You know him. It’s THAT guy. The one who pushes your every button. While not intentionally hurting your feelings or making you mad, he just rubs you the wrong way. This doesn’t happen every once in awhile…it’s every time you see him (or her, I’m nothing if not an egalitarian). Why? Is he this way with everyone? You want to ask others, and sometimes you do, but you don’t want to gossip or look like a bad person. What is it?
I think I know. Granted, in some extremely rare cases (serial killers, psychopaths, etc.) there are those who are, for lack of a better term, evil. Not them. I’m not talking about those outside of the normal boundaries of social or even legal behavior. I’m talking about “normal” people who just rub you the wrong way.
This can be as I stated above your personal and relational nemesis. It could be someone who espouses all kinds of inappropriate material on social media and in person. This could be the person that couldn’t be more different than you religiously and politically that doesn’t seem to have any care for your beliefs. This is the relative that dominates every family function (guilty as charged), that manipulates everyone so that they always get their way, that everyone tip toes around. This is the co-worker that you celebrate when they don’t come in and when you whisper, “move along, don’t stop here, keep moving” when they approach your desk. You know…THAT guy.

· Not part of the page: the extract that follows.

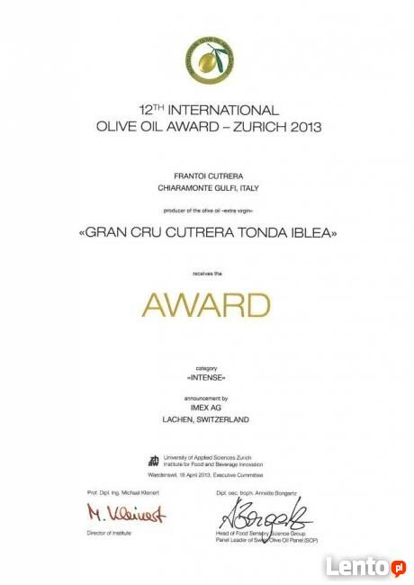Najsłynniejszy ekspert w dziedzinie oliw - Marco Oreggia, w swoim przewodniku Guida Flos Olei uznał oliwę Primo Frantoi Cutrera jako najlepszą oliwę na świecie. Wybrał ją spośród 600 innych oliw, 40 krajów .Najlepsza oliwa z oliwek extra virgin.

He’s not that bad. Rather, should I say, he’s not evil. He’s not sick. He’s not trying to emotionally crush you (most likely). You know what he is? Hurt. He has been shaped by his hurts and, most likely, poorly dealt with them for years. The resulting character flaws vomit all over you every time you interact with him. Multiple emotional needs have not been met and have been taken away from him for years. His only retort is to manipulate his environment to try…try to get those needs met. The reality is when you steal emotional needs they don’t satisfy or quench the need. This results in more hurt.
So, are just supposed to sit back and take it? No, not necessarily. Does having new perspective solve your day to day interactions with THAT guy? No. However, it may be the beginning to surviving your experiences and run ins with them. You can begin to see them differently and try to figure out what they need. What are they seeking? Attention? Respect? Approval? There are probably multiple emotional needs that they are not getting met. You could try to be that person that cares about them enough to love them that way. I know, you’re thinking, “But then they will always come to me.” Yeah, that’s the tough part. But, would you rather be annoyed and feel guilty or know that you may be the only person that cares for this guy. It’s actually a decision you have to make and it’s not an easy one.
Lastly, as always, you need to look inward as well. Are you THAT guy? How are you a little bit like THAT guy? What hurts have you ignored? What needs do you have that aren’t being met that you aggressively try to take from others? Be honest with yourself and even dare to ask a very trusted loved one about it. Then, take a look back at your life and look at the hurts that you have left behind that may be festering. These are probably linked to the ways THAT guy bothers you.
They aren’t evil, they are hurting…and so are you. Try to love them…or at least understand them just a little bit more.